How much did you pay for the Falline shoes? Their website doesn't list the price other than they sell individually and not sold in pairs.


----------



## Zero1 (Jan 26, 2016)

charley95 said:


> How much did you pay for the Falline shoes? Their website doesn't list the price other than they sell individually and not sold in pairs.


I bought them from amazon for $14.99 each.


----------



## YSHSfan (Jun 25, 2014)

I know "_*it would be hard to do to a new machine"*_, but an impeller kit mod may solve everyones HSS928 clogging issues (it should not be needed, but may be one answer to this current issue).
:blowerhug:


----------



## Zero1 (Jan 26, 2016)

Here's my beast from yesterdays storm.


----------



## charley95 (Feb 10, 2014)

Zero1 said:


> I bought them from amazon for $14.99 each.
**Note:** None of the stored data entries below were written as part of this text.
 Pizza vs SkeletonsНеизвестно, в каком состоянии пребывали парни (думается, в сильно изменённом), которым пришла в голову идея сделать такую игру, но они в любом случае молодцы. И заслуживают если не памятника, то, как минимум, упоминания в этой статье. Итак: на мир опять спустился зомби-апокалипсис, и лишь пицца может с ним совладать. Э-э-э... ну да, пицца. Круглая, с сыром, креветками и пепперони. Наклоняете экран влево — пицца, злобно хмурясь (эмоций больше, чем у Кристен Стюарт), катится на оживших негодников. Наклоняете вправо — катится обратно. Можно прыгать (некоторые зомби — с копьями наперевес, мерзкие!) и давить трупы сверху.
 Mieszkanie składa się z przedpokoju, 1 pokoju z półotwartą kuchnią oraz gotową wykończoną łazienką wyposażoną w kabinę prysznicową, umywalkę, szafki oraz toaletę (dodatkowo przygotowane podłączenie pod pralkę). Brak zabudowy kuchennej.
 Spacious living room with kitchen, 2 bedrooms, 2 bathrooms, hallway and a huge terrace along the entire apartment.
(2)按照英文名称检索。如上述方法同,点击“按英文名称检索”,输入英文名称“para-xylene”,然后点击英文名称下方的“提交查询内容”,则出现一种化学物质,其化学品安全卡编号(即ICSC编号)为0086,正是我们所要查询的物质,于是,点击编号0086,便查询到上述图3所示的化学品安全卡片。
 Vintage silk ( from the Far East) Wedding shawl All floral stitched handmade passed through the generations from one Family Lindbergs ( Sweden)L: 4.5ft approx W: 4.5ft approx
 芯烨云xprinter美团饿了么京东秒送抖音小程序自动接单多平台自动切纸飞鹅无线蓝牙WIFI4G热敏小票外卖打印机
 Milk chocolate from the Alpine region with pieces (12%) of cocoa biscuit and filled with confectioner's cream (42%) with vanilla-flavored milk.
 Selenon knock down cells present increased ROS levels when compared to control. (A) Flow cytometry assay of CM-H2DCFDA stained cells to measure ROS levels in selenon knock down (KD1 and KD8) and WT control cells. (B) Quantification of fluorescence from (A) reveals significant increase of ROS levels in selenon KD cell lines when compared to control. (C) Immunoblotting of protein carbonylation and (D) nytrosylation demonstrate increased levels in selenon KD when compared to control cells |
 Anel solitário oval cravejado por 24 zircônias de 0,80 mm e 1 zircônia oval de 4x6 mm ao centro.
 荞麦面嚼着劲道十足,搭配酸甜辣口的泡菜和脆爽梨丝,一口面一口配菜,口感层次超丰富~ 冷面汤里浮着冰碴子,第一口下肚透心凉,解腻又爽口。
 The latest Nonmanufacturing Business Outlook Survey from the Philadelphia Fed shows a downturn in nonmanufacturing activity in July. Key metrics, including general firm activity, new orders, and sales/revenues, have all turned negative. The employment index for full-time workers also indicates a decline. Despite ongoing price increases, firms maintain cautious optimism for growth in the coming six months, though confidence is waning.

Thanks! Those are the ones I want.


----------



## jrom (Jan 10, 2014)

Hope I don't sound like a broken record, but new threads, or at least discussions are popping up all the time on the new vs.the previous.

• My HSS1332ATD hasn't even come close to plugging up. I've gone through roughly 112" of snow so far, most of it heavy wet to sopping wet. 

• The throwing distance is no higher than my 24 year old HS828, but all the way from wow on the perfect conditions to pretty darn good on the wet sloppy stuff.

• Maybe because of my uneven gravel driveway, but I absolutely love the auger height control. It does take time to get used to all the controls I now have to deal with, but that one in itself is the single best feature for me.

• I have yet to do a speed test compared to my 828, but I swear the HSS is slower than the HS.

• The auger protection system is the second best feature to me. Saved me a shear bolt change once.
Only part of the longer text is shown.